How to crack the grub password and get the user right

To get the grub password, we have to find a way to read the grub.conf file. But there is no grub password, no root password. . . So we can't boot through grub.

The method is as follows:

1. First, you need to modify the startup mode of this virtual machine. We need to boot from the CD. The virtual machine defaults to the hard disk as the first boot mode.

When the virtual machine is just started (the big "vmware" interface), press "ld2;" to enter bios.

2. Select the boot column. Select “CD-ROM Drive” one, press “+”“CD-ROM Drive” to the top. In this way, the system will start the default boot mode by default.

3, after the first installation disk image of linux is bound to the CD-ROM drive, save and restart. The system will directly enter the linux installation interface. At the prompt, type “linux rescue” Enter, the system will start the Linux rescue mode.

4, there will be several options on the way, follow the prompts to choose. Finally, I will see a description, presumably that the rescue system has mounted the original system file (the one on the hard disk) to the folder "/mnt/sysimage".

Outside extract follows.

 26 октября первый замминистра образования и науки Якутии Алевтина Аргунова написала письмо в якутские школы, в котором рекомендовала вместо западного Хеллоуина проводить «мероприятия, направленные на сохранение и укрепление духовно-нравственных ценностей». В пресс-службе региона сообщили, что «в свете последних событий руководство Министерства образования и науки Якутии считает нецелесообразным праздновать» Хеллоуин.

5, after starting, we can look for the grub.conf file. Here we should pay attention to the structure of the folder: we are now in the root directory of the rescue system. And we are looking for the original system “ /etc /grub.conf & rdquo;, so the complete path is: "/mnt /sysimage /etc /grub.conf & rdquo;. Edit this file with vi, we can see and modify the file. This cracks the grub password.

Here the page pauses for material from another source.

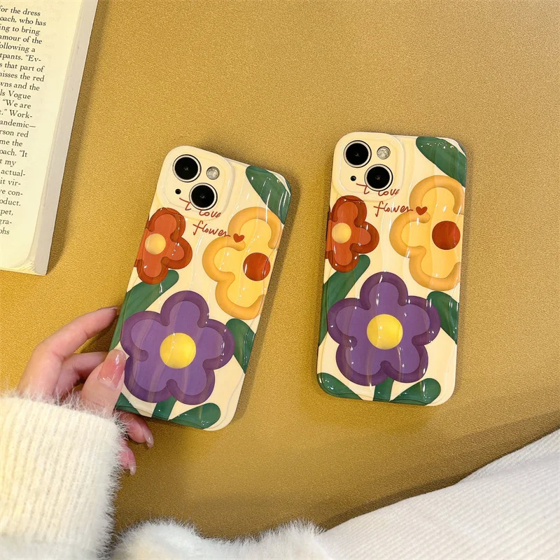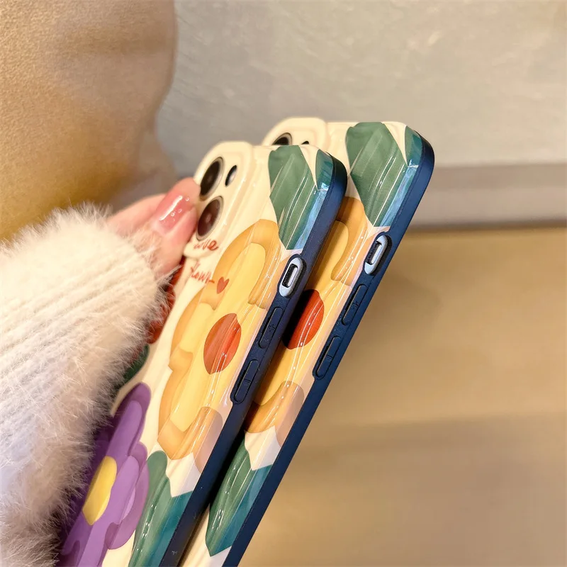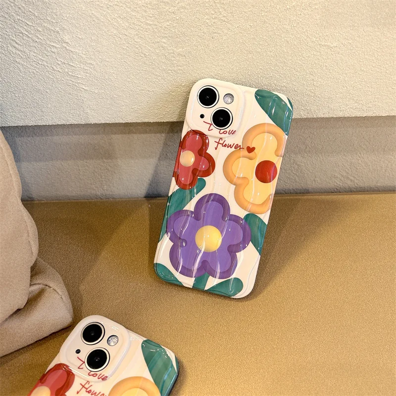 Купить 2022 New Ins Net Red Small Popular Cartoon Flower Stereo Texture Apple Anti Drop Phone Soft Case for iPhone 14 Promax 13 Pro 12 за 250рублей

Prevent others from booting into linux rescue mode.

We can see that bios must be modified to boot into rescue mode. Then we can encrypt the bios to prevent others from modifying the bios, so that it cannot be booted from the CD.

The method is as follows:

This is relatively simple. After entering bios, select the “Security” item. Enter on “Set Supervisor Password”. Set the password on it. such. We need a password when we restart the system and enter bios again.

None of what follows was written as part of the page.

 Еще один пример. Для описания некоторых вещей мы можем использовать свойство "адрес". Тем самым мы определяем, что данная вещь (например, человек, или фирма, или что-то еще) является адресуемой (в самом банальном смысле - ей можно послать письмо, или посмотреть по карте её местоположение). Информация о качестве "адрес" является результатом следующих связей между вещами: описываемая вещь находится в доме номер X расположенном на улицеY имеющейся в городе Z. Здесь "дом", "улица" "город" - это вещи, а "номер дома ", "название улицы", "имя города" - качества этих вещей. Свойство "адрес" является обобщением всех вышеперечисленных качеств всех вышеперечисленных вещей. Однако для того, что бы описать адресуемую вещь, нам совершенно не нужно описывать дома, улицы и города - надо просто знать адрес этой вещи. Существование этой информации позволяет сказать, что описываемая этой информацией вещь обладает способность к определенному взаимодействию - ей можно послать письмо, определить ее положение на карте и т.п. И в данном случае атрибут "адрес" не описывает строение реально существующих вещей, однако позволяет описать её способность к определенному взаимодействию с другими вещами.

How to crack the bios password

What methods do we often use when clearing the host bios password? Pull the jumper, pick up the battery, and let the bios be restored to factory settings. So, is there a similar approach on virtual machines?

Here's how:

Find the folder where the virtual machine is located. There should be a file with the suffix "“.nvram". Delete this file. Start the system. We can see that. The bios was reset.